Jul. 30, 2020
The State Bar of California’s confused crusade against LegalMatch
In order to improve access to legal services, the State Bar should promote the use of online attorney referral and matching systems. Instead, the bar is waging war against LegalMatch.com, a prominent online attorney matching service.
Today the public faces higher barriers to obtaining legal services and representation in the courts than ever before. Rising prices for legal services, reduced staffing at law firms, and COVID-19-related restrictions discourage the public from utilizing the courts. The State Bar of California's website states its "mission is to protect the public," and claims to work to "improve the delivery of legal services to low and moderate income Californians." In order to improve access to legal services, the bar should promote the use of online attorney referral and matching systems. Instead, the bar is waging war against LegalMatch.com, a prominent online attorney matching service.
The State Bar's general counsel sued LegalMatch, seeking an injunction barring LegalMatch from operating in California. The bar alleges that LegalMatch operates a legal referral service, per the recent appellate court decision in Jackson v. LegalMatch.com, 42 Cal. App. 5th 760 (2019), and therefore it must comply with certification requirements set out in Business and Professions Code Section 6155. Notably, the bar's complaint lacks any allegation that LegalMatch actually harmed the public. Additionally, the bar brought an ex parte application seeking an injunction barring LegalMatch's operations, asserting that LegalMatch refused the bar's demands that it submit a legal referral service certification application. The superior court denied the bar's application, finding that the bar made misleading factual representations to the court, because LegalMatch's certification application was actually pending at the bar at that time.
Since then, the State Bar has denied LegalMatch's certification application, based on numerous, presumably correctable factors, each laid out in the bar's amended complaint. The bar's website shows that multiple for-profit online legal referral service providers have complied with Section 6155's requirements and obtained certification. Therefore, it is fair to assume that LegalMatch also should be able to satisfy the conditions for certification by correcting its operations to meet the bar's detailed regulations pursuant to Section 6155.
It seems clear that the State Bar had other available options, short of outright denial of certification. Rather than simply deny, the bar could have allowed LegalMatch the opportunity to correct the alleged defects and submit an amended application. Indeed, such a practice was followed by the bar in the past.
Further, the choice to pursue LegalMatch is in itself perplexing. The State Bar has failed even to allege that LegalMatch's actions have ever harmed a prospective client. Additionally, the bar's war against LegalMatch ignores other, similar uncertified online attorney-matching services and which -- unlike LegalMatch -- appear to involve improper fee-splitting practices.
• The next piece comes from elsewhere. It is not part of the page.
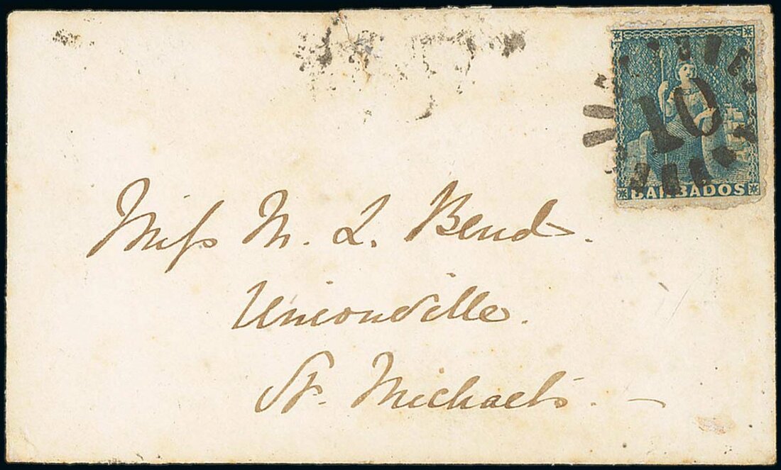 1871 (7 Mar.) small envelope from St. Peter to Miss Bend at St. Michael, bearing 1861-70 (1d.) blue cancelled with fine bootheel "10", the reverse (part flap missing) with complete "10" despatch datestamp across flap and another and small part datestamp; the sole local cover recorded with this bootheel cancellation. Also 1882 envelope from Bridgetown to Christchurch bearing 1882 ½d. pair with bootheel duplex and with very light "

The State Bar's arguments asserted against attorney matching services echo those historically made against attorney advertising, in general: the activity is unprofessional; advertisers could potentially make misrepresentations; and, the lawyer may not perform competently or ethically. But all of these problems can -- and do -- occur regardless of how the client has found the lawyer. The fact that any given lawyer may advertise and act improperly does not mean that honest and non-intrusive commercial speech isn't entitled to constitutional protection. The fact that the client found the lawyer through a matching service's truthful advertising has nothing to do with the lawyer's improper acts, should they occur.
Unlike the State Bar's general counsel's office, the State Bar Board of Trustees is investigating reforming the regulations governing legal referral service providers in the online space. For example, this could include allowing online "automated referral or online matching services" to operate without obtaining certification from the bar. The Board of Trustees seems to acknowledge that collective advertising organizations like LegalMatch should be permitted to operate outside of the certification requirements. Indeed, truthful advertising and referral services both further the bar's goals of helping the public gain greater access to the legal system.
Other jurisdictions allow services like LegalMatch to operate. For example, ABA Model Rule 7.2 appears to allow companies like LegalMatch to operate outside of the legal referral service regulatory system, so long as the service maintains itself as an advertiser, orients itself toward attorneys, automates the matching process, and refrains from representations regarding the attorneys' qualifications and experience. Texas, for example, has issued an ethics opinion explicitly allowing such matching services.
In order to further the California State Bar's stated goal of increasing public access to legal services, the bar should accept that advertising companies like LegalMatch offer greater access to legal services, to people who don't know any lawyers. There simply is no empirical evidence that matching services pose any actual harm to the public. The bar has better uses for its limited resources than the overzealous regulation of attorney matching services.